As Hubert Monroe lugubriously commented in a Hamlyn Lecture ‘tax is scarcely a favourite topic’ (Intolerable Inquisition? Reflections on the Law of Tax (1981) p 1). It is not difficult to endorse this sentiment particularly when applied to the taxation of trusts. In academic contexts the topic conventionally falls into a no-man's land between the separate domains of taxation and trusts. Yet even by the beginning of the twentieth century the incidence of taxation was influencing the development of the private express trust. Indeed, as will be seen later in this book, taxation or more appropriately the availability of relief from taxation, has exercised considerable influence on public types of trusts also – for example, pension funds and charities (see Chapters 13, 18 and 19). With respect to private trusts, however, it may be claimed that this influence has so increased that fiscal considerations now dominate trusts practice even if not directly the formal rules of trusts law.

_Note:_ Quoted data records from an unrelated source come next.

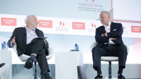 Πέντε ανησυχίες για τα επόμενα βήματα της ελληνικής οικονομίας εξέφρασε σήμερα, από το βήμα του συνεδρίου του Economist στην Αθήνα, ο Νομπελίστας καθηγητής Τζόζεφ Στίγκλιτς (Joseph Stiglitz), ενώ ανοίγοντας το «κάδρο» των οικονομικών προοπτικών σε παγκόσμιο επίπεδο εκτίμησε ότι η μεγάλη αβεβαιότητα προκύπτει από την πορεία που θα ακολουθήσουν οι τιμές της ενέργειας, αν υπάρξει πλήρης ανάφλεξη στη Μέση Ανατολή: για τις ανεξάρτητες ενεργειακά ΗΠΑ υπάρχουν περισσότερα περιθώρια υπέρβασης μιας τέτοιας δυσκολίας, αλλά η κατάσταση είναι διαφορετική για την Ευρώπη, επισήμανε.
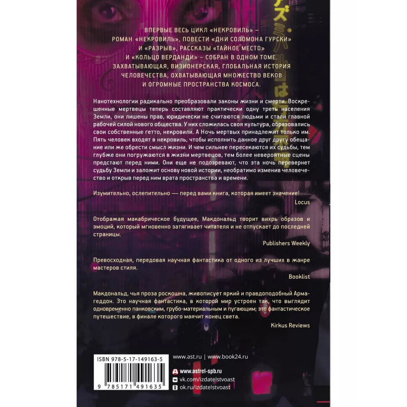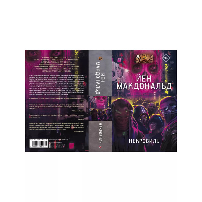 Некровиль. Некровиль. Обшарпанное гетто бывших мертвецов. Ночные убийства. Кислотное небо, за которым скрывается космос - тёмный, пустой, наполненный отчаянием, испещрённый космическими кораблями, покидающими перенаселённую Землю. Землю, охваченную войной между мёртвыми и живыми: новыми рабами и новыми рабовладельцами Величественная история выхода человечества на новый уровень, рассказанная Йеном Макдональдом - признанным классиком британской фантастики и мастером киберпанка.
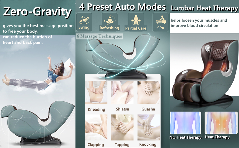- 【6 Massage Techniques & 4 Auto Modes】Meet different massage needs: The SL massage chair zero gravity with 4 preset auto modes: Swing, Refreshing, Partial Care, SPA; 6 massage techniques: Kneading, Shiatsu, Guasha, Clapping, Tapping, Knocking
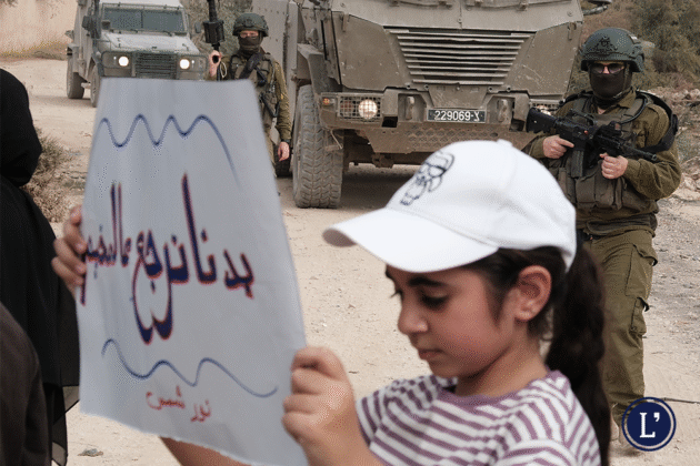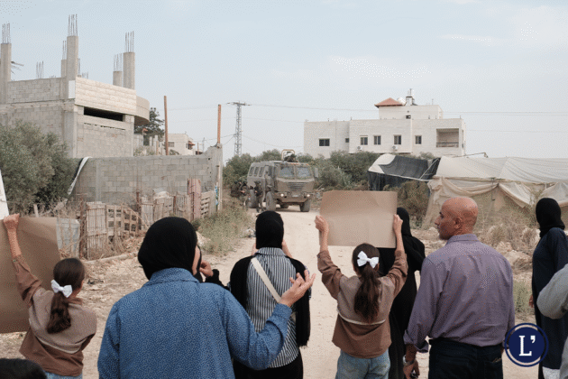 La piccola manifestazione parte in direzione del campo; nemmeno trecento metri dopo, due jeep militari ci vengono incontro e scendono vari soldati. Dai mezzi un militare tiene il fucile puntato sulla folla. Il messaggio è chiaro: se continuate a camminare, spariamo. Il gruppo, si ferma. «Quella è la mia casa» una donna indica la prima abitazione che sorge davanti a noi, dietro la linea degli israeliani. Gli occhi, neri, sono pieni di tristezza. «L’hanno resa una delle loro basi militari».
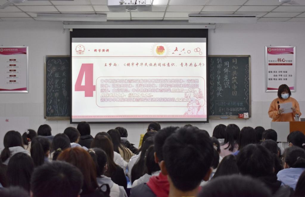 伴随着嘹亮的团歌声,各团支部组织的团课相继开展。在本次团课上,各班团支部通过演讲和播放视频等方式学习掌握党和国家民族理论政策法规以及民族分裂的危害,引导青年团员正确理解社会主义民族关系,增强“五个认同”,坚决维护统一、反对分裂,青年团员也都积极分享自己的认知看法。作为青年学子,应树立起维护国家统一和民族团结的意识,自觉拥护党和国家的民族政策,以实际行动维护民族团结,促进各民族共同繁荣。
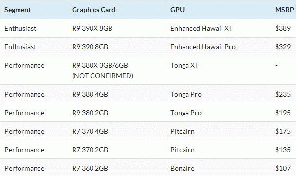 Once again, confirming that the Radeon R9 390X get eight gigabytes of GDDR5 memory , and the ability of these cards to be equipped with alternative cooling systems. Radeon R9 380 from the range of products of this brand is equipped with 4 GB of GDDR5 memory , and the version with 2 GB of memory will be available in a compact format that allows you to install the graphics card into the motherboard type of mini-ITX.
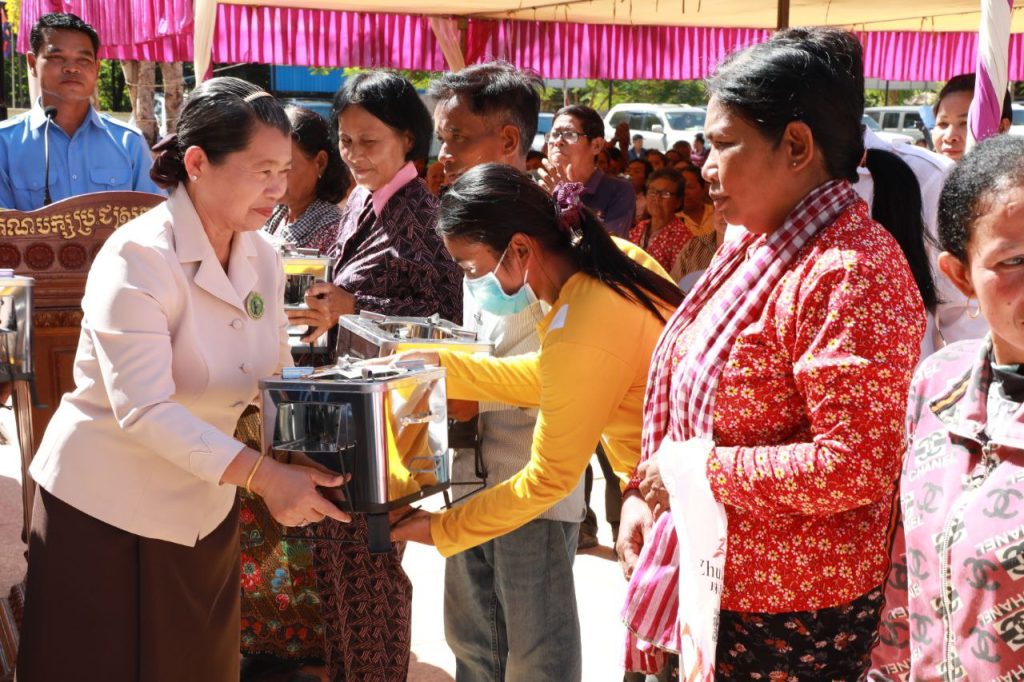 សម្តេចកិត្តិសង្គហបណ្ឌិត បន្តថា កាលពីថ្ងៃទី ២៥ ខែកក្កដា ឆ្នាំ២០២២ សមាគមនារីកម្ពុជាដើម្បីសន្តិភាព និងអភិវឌ្ឍន៍ បានចុះកិច្ចសហប្រតិបត្តិការ ជាមួយសហព័ន្ធនារី វៀតណាម និងក្រុមហ៊ុន អ៊ីនត្រាកូ ដើម្បីអនុវត្តគម្រោង ការចែកចាយដោយឥតគិតថ្លៃ នូវចង្ក្រានសន្សំសំចៃថាមពលចំនួន ៣០ម៉ឺនគ្រឿង និងធុងចម្រោះទឹកស្អាតចំនួន ១០ម៉ឺនគ្រឿង ដែលមានតម្លៃសរុបចំនួនជាង ១លានដុល្លា ដល់គ្រួសារស្ត្រីក្រីក្រ និងគ្រួសារជួបការលំបាកដែលប្រើប្រាស់ចង្ក្រានដុតអូសឈើបែបបុរាណ និងគ្រួសារដែលមិនមានទឹកស្អាតសម្រាប់ប្រើប្រាស់ ដោយឲ្យឥតគិតថ្លៃនៅខេត្តចំនួន ០៨គឺ មានខេត្តកែប, ខេត្តកំពត, ខេត្តកំពង់ស្ពឺ, ខេត្តព្រៃវែង, ខេត្តកំពង់ធំ, ខេត្តកំពង់ចាម ខេត្តត្បូងឃ្មុំ ។
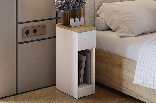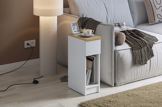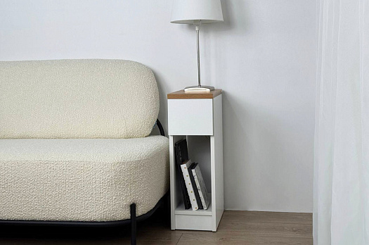 Тумба установлена на подпятниковые опоры, что придаёт ей устойчивость. Благодаря универсальному дизайну модель можно использовать как прикроватную тумбу или журнальный столик.
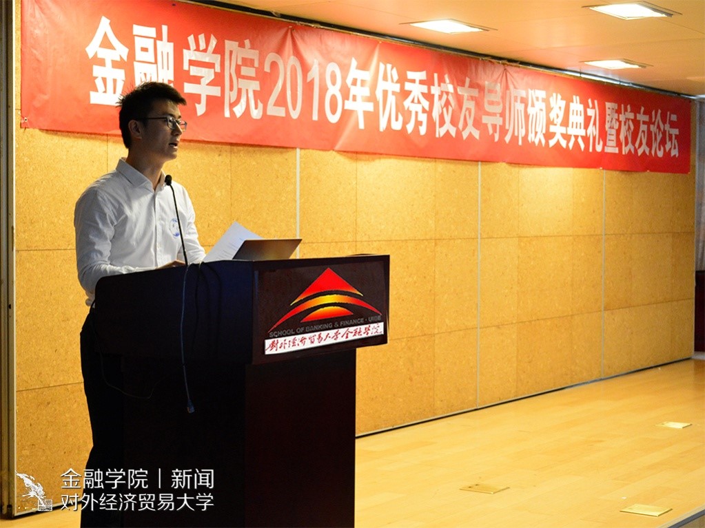 在校友导师工作方面起步早、坚持好、受益面广、收效好,一直走在全校前列,希望广大校友以校友导师制为载体,将贸大精神发扬光大。

Whether trusts should be created, what types of trust should be adopted and where their administration should be located are all, in reality, decisions taken by property owners only after careful consideration of the fiscal implications.

The claim that these implications predominate will be probed later in this chapter (see p 75) but at the very least the taxpayer is unlikely to be satisfied with a tax lawyer or accountant who merely clarifies the probable size of the tax bill based on existing property arrangements.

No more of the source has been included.